Wirtschafts-News vom 25. Juli 2016

Michael Weyland informiert

(Michael Weyland) Hyundai baut gemeinsam mit Air Liquide und im Rahmen der Clean Energy Partnership (CEP) eine Wasserstofftankstelle an der Hyundai Zentrale in Offenbach am Main. Sie wird öffentlich zugänglich sein und noch in diesem Sommer eröffnet.

Die Wasserstofftankstelle befüllt die Tanks der Brennstoffzellenfahrzeuge mit bis zu 700 bar Druck. Im Gegensatz zu anderen Wasserstofftankstellen, die nur 350 bar Fülldruck aufweisen, können mit der neuen Technik die Fahrzeugtanks ihre volle Kapazität nutzen. Damit erreicht der Hyundai ix35 Fuel Cell Distanzen von 594 Kilometer am Stück. Die Tageskapazität der neuen Tankstelle von 200 kg Wasserstoff reicht aus, um täglich über 30 Fahrzeuge aufzutanken. Durch Hochdrucktechnik an der Air Liquide Tankstelle lassen sich die Fahrzeuge innerhalb von drei bis fünf Minuten volltanken. Die neue Wasserstofftankstelle ist ein weiteres Engagement von Hyundai in der Clean Energy Partnership (CEP).

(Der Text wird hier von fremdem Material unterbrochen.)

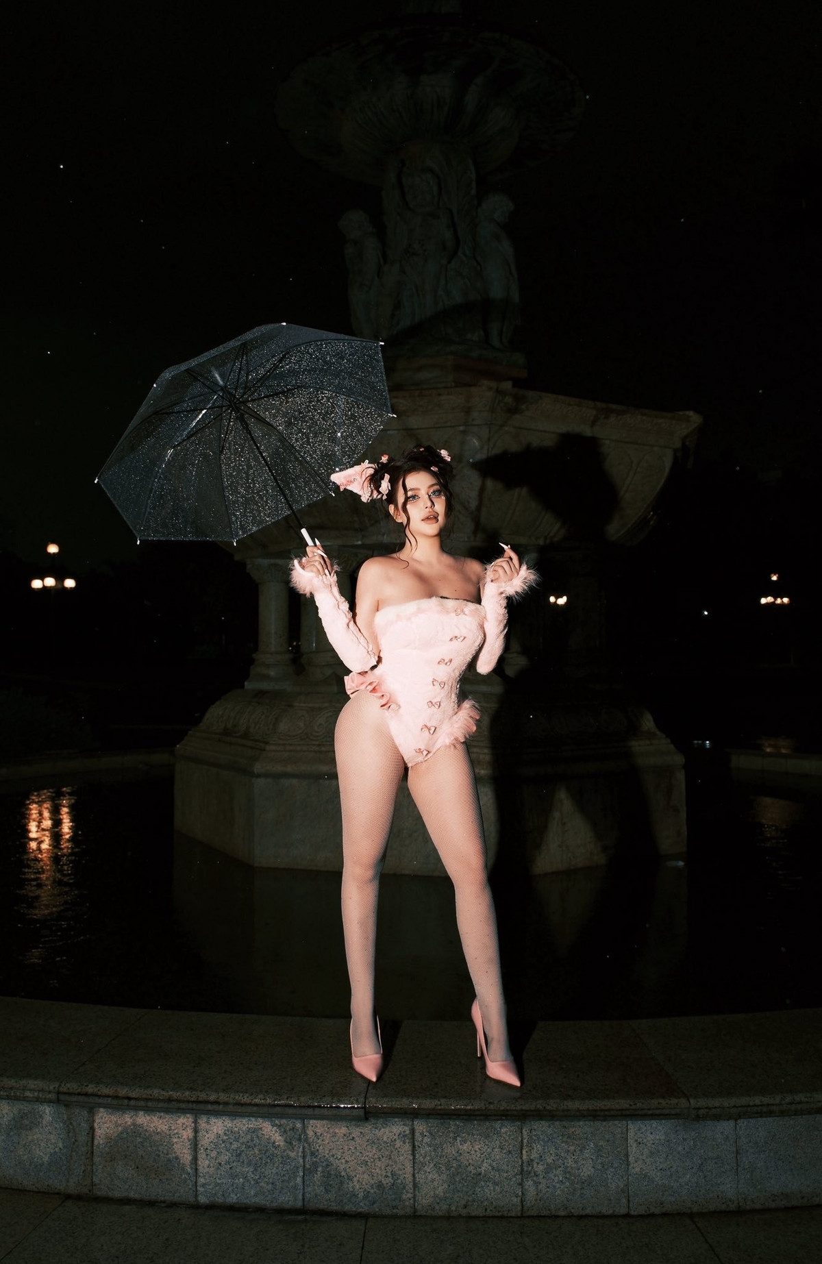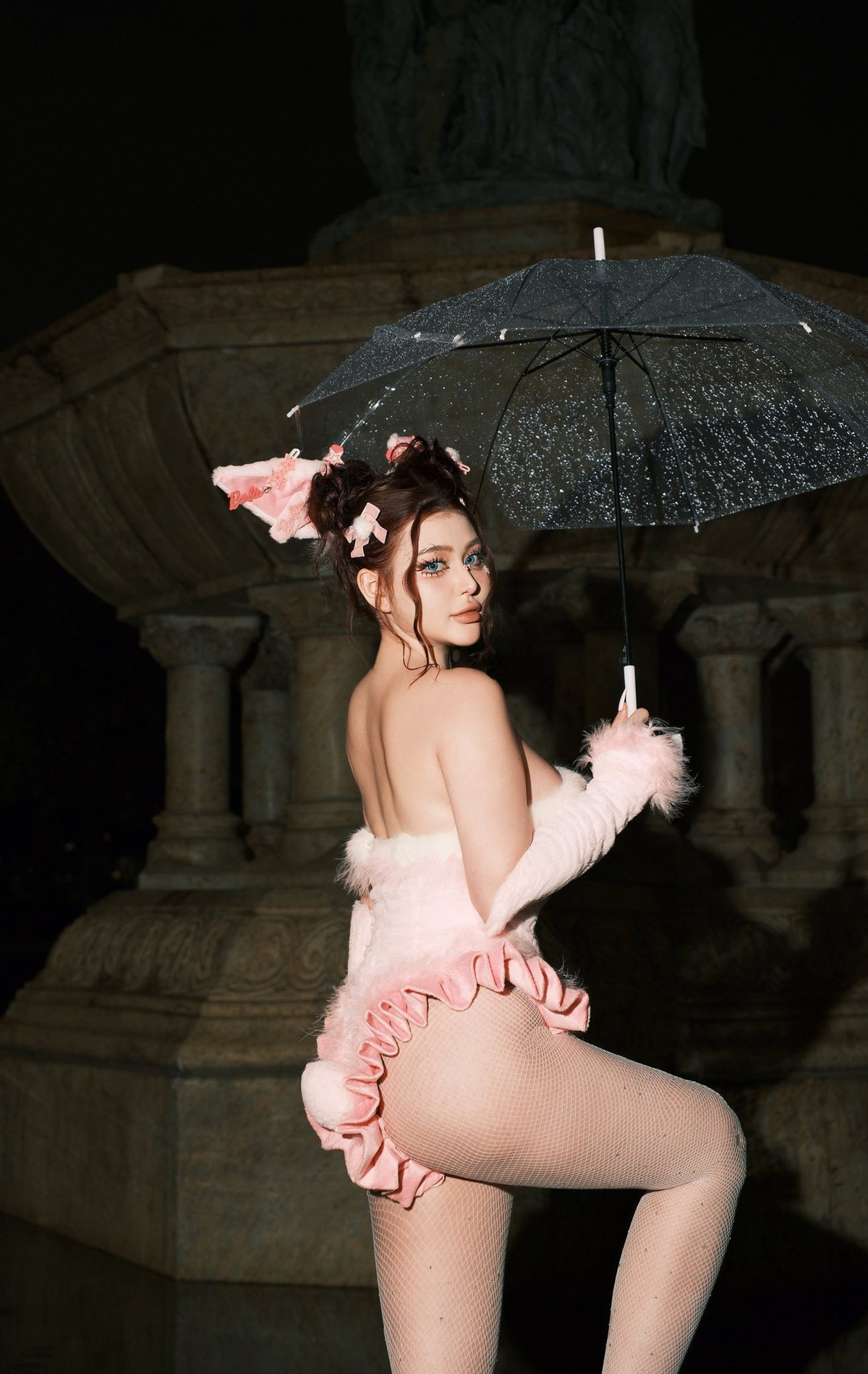 Diện bộ corset hồng pastel được thiết kế tinh tế, khoe trọn đường cong gợi cảm cùng đôi chân dài nuột nà, Sunna xuất hiện đầy nổi bật giữa khung cảnh đêm lung linh.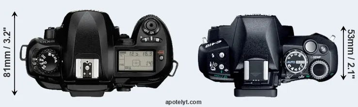 | 6. | Nikon D50 | 133 mm | 102 mm | 76 mm | 620 g | 400 | n | Apr 2005 | US$ 749 | ebay.com | |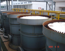 催化微電解是在不通電的情況下,利用微電解設備中填充的微電解填料產生“原電池”效應對廢水進行處理。當通水后,在設備內會形成無數的電位差達1.2V 的“原電池”。“原電池”以廢水做電解質,通過放電形成電流對廢水進行電解氧化和還原處理,以達到降解有機污染物的目的。在處理過程中產生的新生態(tài)[.O H] 、[H] 、[O]、Fe2+ 、Fe3+等能與廢水中的許多組分發(fā)生氧化還原反應,比如能破壞有色廢水中的有色物質的發(fā)色基團或助色基團,甚至斷鏈,達到降解脫色的作用;生成的Fe2+ 進一步氧化成Fe3 +,它們的水合物具有較強的吸附- 絮凝活性,特別是在加堿調pH 值后生成氫氧化亞鐵和氫氧化鐵膠體絮凝劑,它們的絮凝能力遠遠高于一般藥劑水解得到的氫氧化鐵膠體,能大量絮凝水體中分散的微小顆粒、金屬粒子及有機大分子。該工藝具有適用范圍廣、處理效果好、成本低廉、處理時間短、操作維護方便、電力消耗低等優(yōu)點,可廣泛應用于工業(yè)廢水的預處理和深度處理中。應用廢水種類:染料廢水、焦化廢水、醫(yī)藥廢水、農藥廢水、樹脂廢水、助劑廢水、制革廢水、電鍍廢水、造紙廢水、淀粉廢水、大蒜廢水、垃圾滲濾液等工業(yè)類廢水。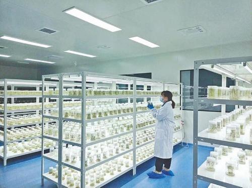 布拖馬鈴薯科技小院工作人員觀察組培苗長勢(shì)情況。

Mit 25 Kilometern pro Stunde im Flachen fahren oder zügig den nächsten Berg erklimmen – manchen Pedelec-Fahrern ist das nicht schnell genug. Und so bieten immer mehr Fahrrad- und Teile-Händler auch für Pedelecs Tuning-Kits an.

Der Fahrrad-Markt boomt, insbesondere der Markt für Pedelecs: Laut Zweirad-Industrie-Verband konnten im Jahr 2015 etwa 535.000 Pedelecs und E-Bikes abgesetzt werden. Damit summt mittlerweile schon in jedem achten verkauften Fahrrad ein Elektromotor. Den Großteil des Marktes nehmen dabei die versicherungs- und zulassungsfreien Pedelecs ein. Mit einem 250 Watt starken Motor unterstützen sie den Fahrer bis zu einer Höchstgeschwindigkeit von 25 km/h.

Danach setzt der Motor aus. Wer schneller fahren möchte, muss entweder kräftig strampeln oder auf ein S-Pedelec (auch "Pedelec 45" genannt) mit einer Motorleistung von bis zu 500 Watt zurückgreifen. Für diese werden allerdings eine Versicherung sowie ein Kennzeichen fällig. Der Fahrer braucht außerdem den Führerschein der Klasse M (auch in B enthalten).

Doch auch die 250-Watt-Motoren könnten grundsätzlich schneller fahren – sie werden jedoch bei 25 km/h gedrosselt. Das zieht zunehmend Anbieter an, die mit einfachen Tuning-Kits diese Drosselung umgehen. Wer sein Pedelec jedoch unrechtmäßig tunt und damit einen Unfall baut, kann auf den Kosten sitzen bleiben – beispielsweise für Schmerzensgeld, Verdienstausfall, Reparatur, etc. Außerdem kann der Garantieanspruch gegenüber dem Fahrradhersteller erlöschen.